Prevention and Control of Multidrug-Resistant Organism Infections
Multidrug-resistant organisms (MDROs) are a major concern for most hospitals. Causing infections for which antibiotic therapy is limited and in some cases no longer effective, they are associated with high morbidity and mortality rates and represent a significant burden on healthcare resources.
Most frequently spread through auto-infection or cross-transmitted between patients through healthcare workers, MDRO infections are highly contagious and can be responsible for outbreaks.
Three of the most common MDROs are :
- methicillin-resistant Staphylococcus aureus (MRSA)

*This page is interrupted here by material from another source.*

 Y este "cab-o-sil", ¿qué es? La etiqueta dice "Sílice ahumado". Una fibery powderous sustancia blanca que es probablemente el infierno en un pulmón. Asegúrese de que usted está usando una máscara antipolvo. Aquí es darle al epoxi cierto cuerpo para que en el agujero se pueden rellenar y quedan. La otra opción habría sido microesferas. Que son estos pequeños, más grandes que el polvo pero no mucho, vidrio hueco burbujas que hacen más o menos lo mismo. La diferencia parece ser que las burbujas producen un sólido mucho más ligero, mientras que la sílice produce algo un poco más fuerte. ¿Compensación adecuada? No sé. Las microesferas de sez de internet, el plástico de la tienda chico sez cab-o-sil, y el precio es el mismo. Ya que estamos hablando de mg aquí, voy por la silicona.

According to CDC data, the proportion of Staphylococcus aureus infections that are antimicrobial resistant has been growing significantly over the past few decades. In 1974, MRSA infections accounted for just two percent of the total number of S. aureus infections; in 1995 this had risen to 22%; and by 2004, over 60% of infections showed resistance in the US.

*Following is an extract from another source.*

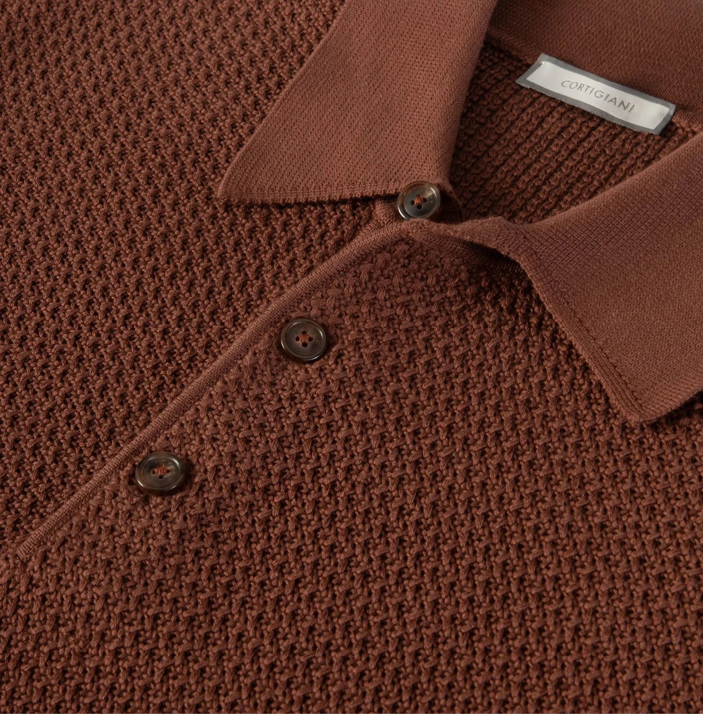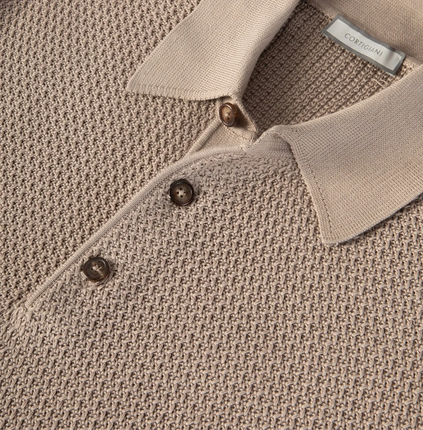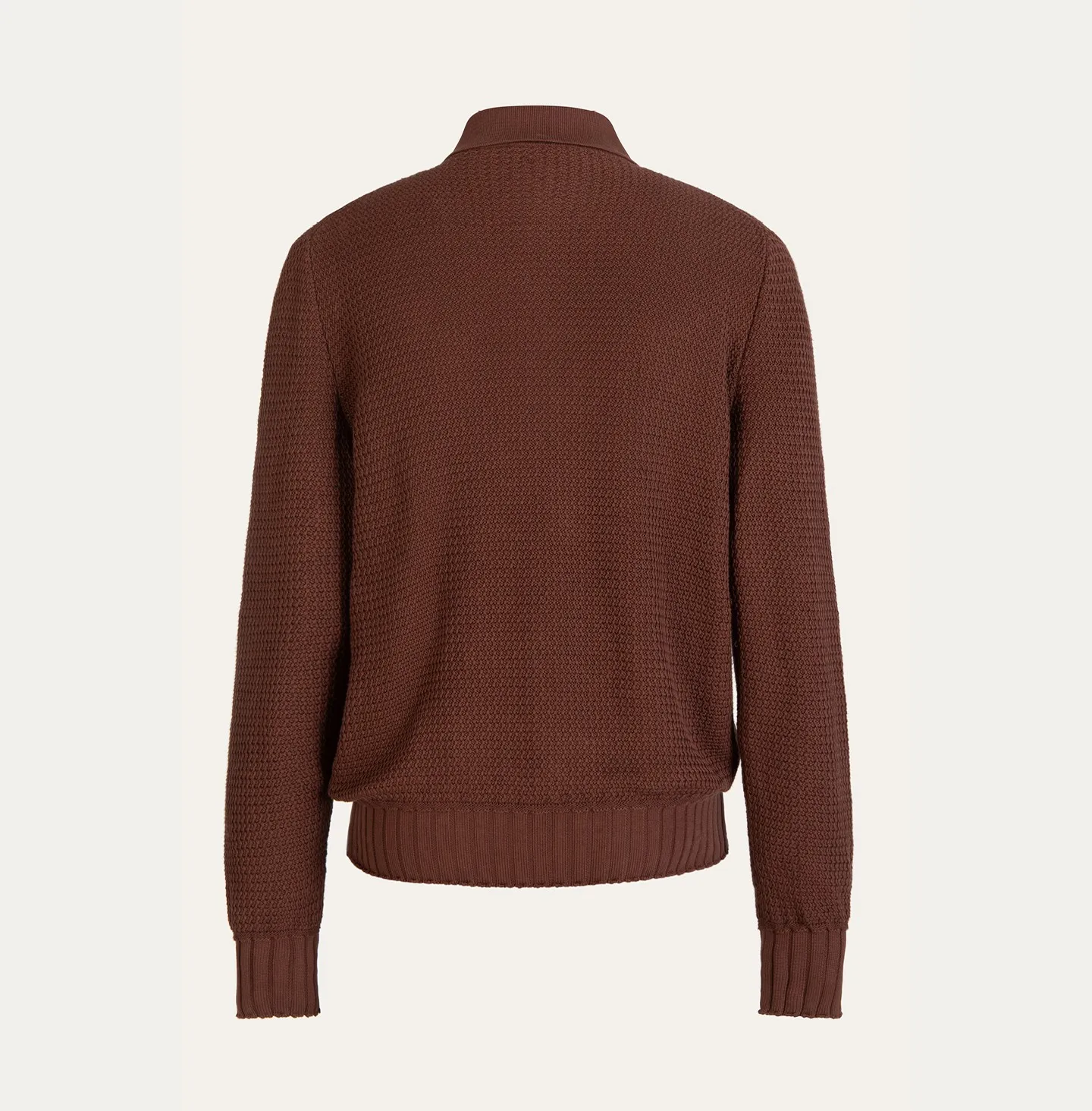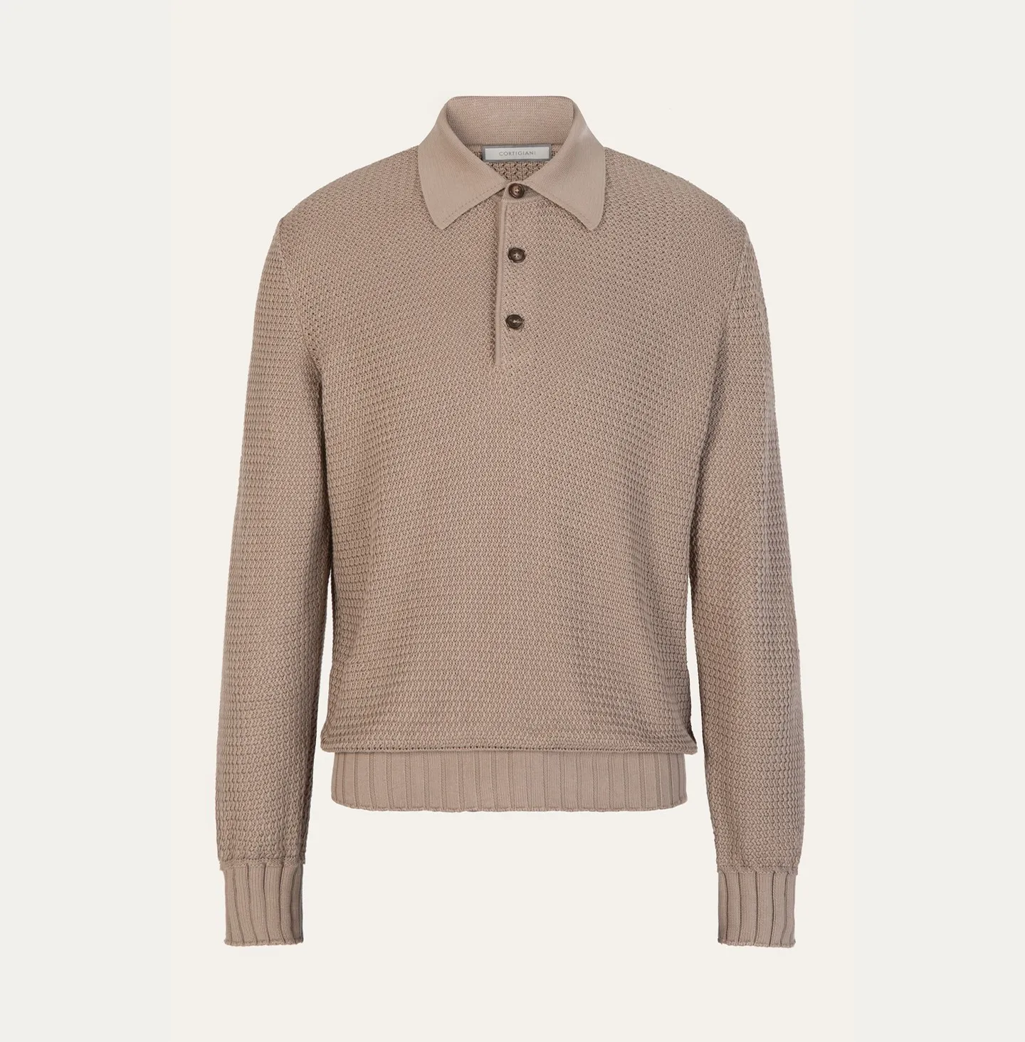 Long-sleeved polo shirt defined by a refined and contemporary aesthetic, enhanced by a cable knit structure that adds depth and visual richness to the surface. The design combines elegance and comfort through carefully considered details: the collar is precisely shaped to ensure a natural fit and a clean line around the neck, while the three-button placket maintains a classic and versatile look. The sleeves and hem are finished with a wide ribbed band, providing structure and stability while creating a balanced contrast with the textured body of the garment.

- extended spectrum ß-lactamase-producing Enterobacteria (ESBL)
Microbial resistance through extended-spectrum ß-lactamase was first reported in the 1980s, soon after the introduction of 3rd generation cepahlosporins in clinical practice. Today, ESBL-producing Enterobacteria are recognized as nosocomial pathogens of major importance.
- vancomycin-resistant enterococci (VRE)
Enterococci with acquired vancomycin resistance are responsible for 1 in 3 infections in US intensive care units and VRE outbreaks more than doubled in Europe between 2001 and 2004.1,2 Transfer of vancomycin resistance from enterococci to staphylococci (VRSA) is a major threat for the healthcare community.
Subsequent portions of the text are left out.